Output the listing below exactly, minus its images.

• Raw data
——————

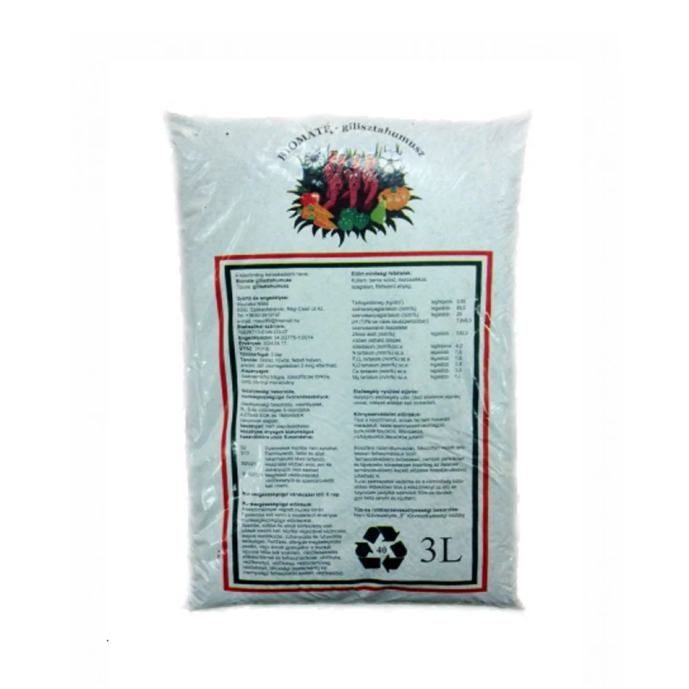 A Biomate Gilisztakomposzt (3 liter / 20 liter) egy 100%-ban szerves és ökológiai, nem toxikus anyag, használatával egészséges növények állíthatók elő. A gilisztakomposztban lévő mikroorganizmusok, enzimek, növényi tápelemek szervesen gazdagítják a talajt, közben szabályozzák PH egyensúlyát, biológiai és fizikai tulajdonságait. Növeli a szerves anyagok mennyiségét a talajban, használatának köszönhetően a növények erősebben, gyorsabban növekednek és érnek, továbbá a termésmennyiség 30%-kal is több lehet.
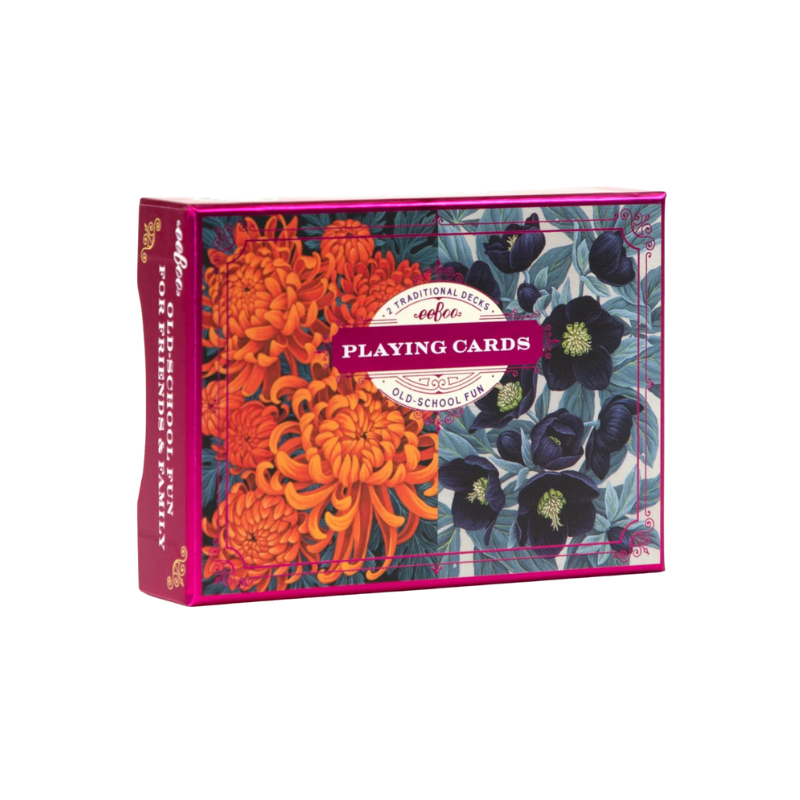 A boxed pair of classic playing cards featuring the meticulous floral artwork of Vasilisa Romanenko with colorfully gilded edges.  The face cards are traditional but just a little friendlier and more diverse.
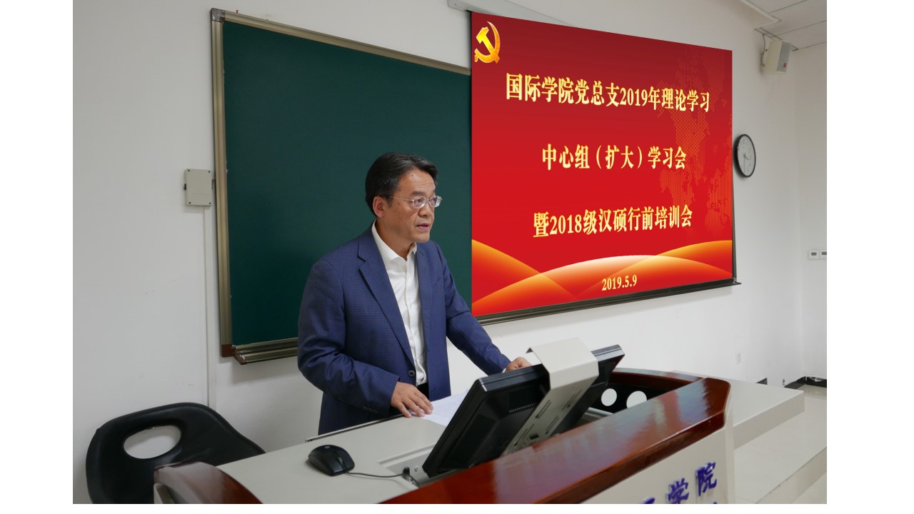 2019年5月9日下午3:30,365上市公司(英国)集团党总支在紫云楼312室举行理论学习中心组(扩大)学习会暨2018级汉语国际教育硕士出国实习行前安全培训会。党总支委员、非党总支委员院领导、院长助理、各支部书记、各科室主任以及2018级汉语国际教育硕士生等共计50余人参加会议。

——————

• Result of this task
 A Biomate Gilisztakomposzt (3 liter / 20 liter) egy 100%-ban szerves és ökológiai, nem toxikus anyag, használatával egészséges növények állíthatók elő. A gilisztakomposztban lévő mikroorganizmusok, enzimek, növényi tápelemek szervesen gazdagítják a talajt, közben szabályozzák PH egyensúlyát, biológiai és fizikai tulajdonságait. Növeli a szerves anyagok mennyiségét a talajban, használatának köszönhetően a növények erősebben, gyorsabban növekednek és érnek, továbbá a termésmennyiség 30%-kal is több lehet.
 A boxed pair of classic playing cards featuring the meticulous floral artwork of Vasilisa Romanenko with colorfully gilded edges.  The face cards are traditional but just a little friendlier and more diverse.
 2019年5月9日下午3:30,365上市公司(英国)集团党总支在紫云楼312室举行理论学习中心组(扩大)学习会暨2018级汉语国际教育硕士出国实习行前安全培训会。党总支委员、非党总支委员院领导、院长助理、各支部书记、各科室主任以及2018级汉语国际教育硕士生等共计50余人参加会议。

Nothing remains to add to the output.